+++ The records

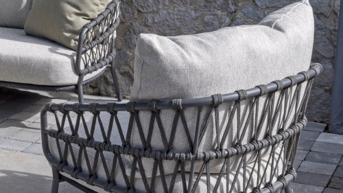 De Calpi Lounge serie van 4 Seasons Outdoor, verkrijgbaar in Antraciet én Latte. Het heeft een eigentijds design en geeft ieder terras de premium looks waar u naar op zoekt bent. De brede rope delen zijn op een originele manier gevlochten en geeft de Calpi een open karakter. De 4Seasons Calpi wordt geleverd met kussens in een all weather stof. Deze stof heeft een water en vuil werende werking, waardoor deze bestand zijn tegen vele weersinvloeden. Het frame is gemaakt van gepoedercoat RVS, waardoor de Calpi Loungeset zeer geschikt is om het hele jaar door buiten te laten staan. Bekijk ook de 4SO Calpi Dining of 4SO Calpi Low Dining!
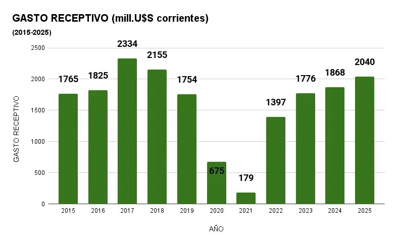 En cuanto al impacto económico, el gasto turístico total creció un 16,6% en relación con 2024. Asimismo, el gasto promedio por persona aumentó un 8,1% respecto al año anterior, mostrando una mejora en el nivel de consumo de los visitantes. Al analizar el gasto promedio por persona en su estadía según nacionalidad, se observa que los paraguayos registran un gasto de US$ 1.163, seguidos por los europeos, con un promedio de US$ 836, y los norteamericanos, con alrededor de US$ 799. A continuación se encuentran los chilenos, con US$ 760; los brasileños, con US$ 731; y los argentinos, con US$ 516. Finalmente, los visitantes uruguayos presentaron un gasto promedio de aproximadamente US$ 353.
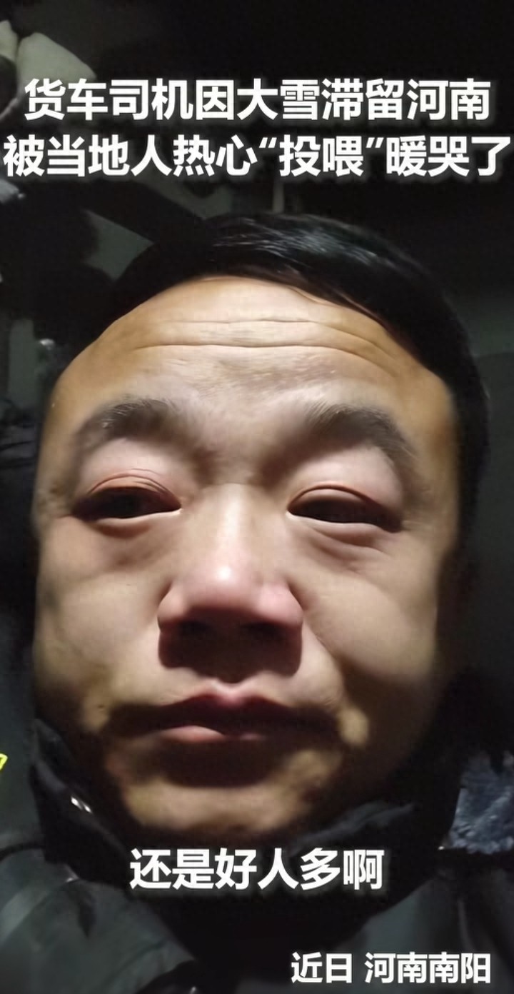 1月23日(报道),南阳市南召县。山东德州籍司机因大雪滞留在南召,被当地村民热心照顾的事迹戳中无数人的心房。当时,由于大雪导致路面湿滑,无法前行,货车司机王师傅只能靠边停放,下午在车上睡觉的时候,有位大姐敲了他的车门,邀请他去家里吃饭,王师傅想着,自己都不认识人家,说“车上有方便面”婉拒了。
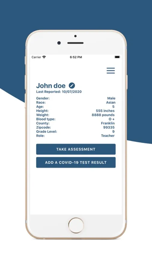 The Potentia Health Registry application includes a daily assessment which securely and safely collects actionable data in real time per any individuals reporting to educational institutions who partner with Potentia to reopen their schools successfully. Items pertaining to COVID-19 symptoms, exposure and testing along with the intention to report to school are tracked and displayed in real time to aid administrative functions. The app also acts as a communicative tool between the school administration and parents.
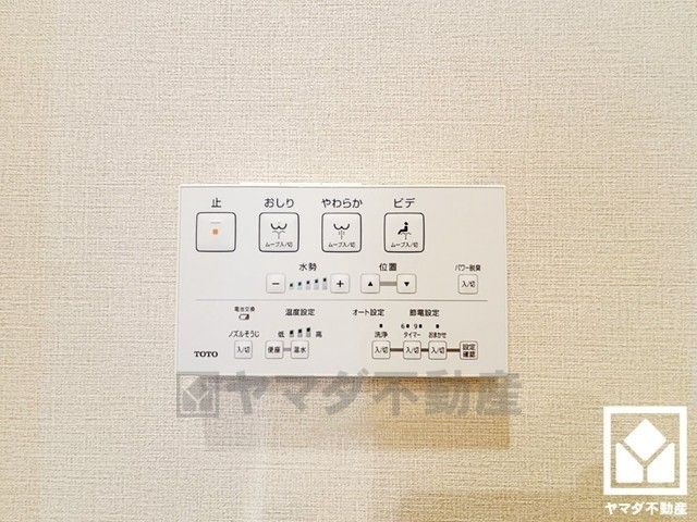明るく清潔感溢れるトイレです。トイレットペーパーのストックや消耗品置き場などとしてお使いいただける吊戸棚がございます。

++++++

Exercise objective
Copy out each record word for word and omit any pictures.

Result below
 De Calpi Lounge serie van 4 Seasons Outdoor, verkrijgbaar in Antraciet én Latte. Het heeft een eigentijds design en geeft ieder terras de premium looks waar u naar op zoekt bent. De brede rope delen zijn op een originele manier gevlochten en geeft de Calpi een open karakter. De 4Seasons Calpi wordt geleverd met kussens in een all weather stof. Deze stof heeft een water en vuil werende werking, waardoor deze bestand zijn tegen vele weersinvloeden. Het frame is gemaakt van gepoedercoat RVS, waardoor de Calpi Loungeset zeer geschikt is om het hele jaar door buiten te laten staan. Bekijk ook de 4SO Calpi Dining of 4SO Calpi Low Dining!
 En cuanto al impacto económico, el gasto turístico total creció un 16,6% en relación con 2024. Asimismo, el gasto promedio por persona aumentó un 8,1% respecto al año anterior, mostrando una mejora en el nivel de consumo de los visitantes. Al analizar el gasto promedio por persona en su estadía según nacionalidad, se observa que los paraguayos registran un gasto de US$ 1.163, seguidos por los europeos, con un promedio de US$ 836, y los norteamericanos, con alrededor de US$ 799. A continuación se encuentran los chilenos, con US$ 760; los brasileños, con US$ 731; y los argentinos, con US$ 516. Finalmente, los visitantes uruguayos presentaron un gasto promedio de aproximadamente US$ 353.
 1月23日(报道),南阳市南召县。山东德州籍司机因大雪滞留在南召,被当地村民热心照顾的事迹戳中无数人的心房。当时,由于大雪导致路面湿滑,无法前行,货车司机王师傅只能靠边停放,下午在车上睡觉的时候,有位大姐敲了他的车门,邀请他去家里吃饭,王师傅想着,自己都不认识人家,说“车上有方便面”婉拒了。
 The Potentia Health Registry application includes a daily assessment which securely and safely collects actionable data in real time per any individuals reporting to educational institutions who partner with Potentia to reopen their schools successfully. Items pertaining to COVID-19 symptoms, exposure and testing along with the intention to report to school are tracked and displayed in real time to aid administrative functions. The app also acts as a communicative tool between the school administration and parents.
明るく清潔感溢れるトイレです。トイレットペーパーのストックや消耗品置き場などとしてお使いいただける吊戸棚がございます。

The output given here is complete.